Furthermore, METTL3 has also been reported to promote translation independently of its methyltransferase activity or downstream m6A reader proteins (51, 52). The function of METTL3 in the cytoplasm promoting translation is to recruit the initiation factor eIF3 h to the translation initiation complex (51, 52). It can enhance epidermal growth factor receptor (EGFR) and TAZ protein expression independent of YTHDF1.

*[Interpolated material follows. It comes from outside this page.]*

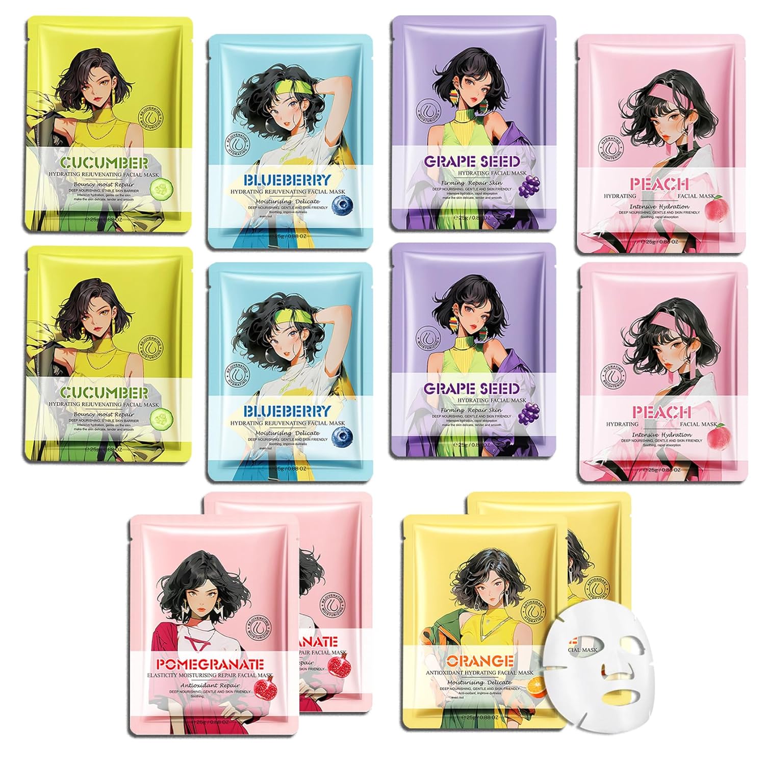 12PCS Hydrating Facial Sheet Mask,Moisturizing Face Masks Skincare Gift Set,Long Lasting Face Mask Skin Care & Facial Mask Kit for All Skin Types 19

The Biological Function of METTL3
More recent studies on METTL3 in hematology have been reported, including the function of METTL3 in normal and malignant hematopoiesis. METTL3 has been discovered to be associated with differentiation, growth, and apoptosis in both normal and malignant cells. Moreover, it has also been revealed to impact chemoresistance in chronic myeloid leukemia (CML) and acute myeloid leukemia (AML), which would be a novel potential target molecule in hematological neoplasms. Therefore, we summarized the function of METTL3 in normal hematopoiesis and several hematological malignancies (Table 1).
Normal Hematopoiesis
Normal hematopoiesis plays a vital role in hematology, presenting multipotent hematopoietic stem cells (HSCs) being differentiated into various mature cells of the blood system. The process is complex and multistep and is regulated by many factors, such as the transcription factor PU.1 for myeloid cells and C/EBPα for granulocyte/macrophage progenitors.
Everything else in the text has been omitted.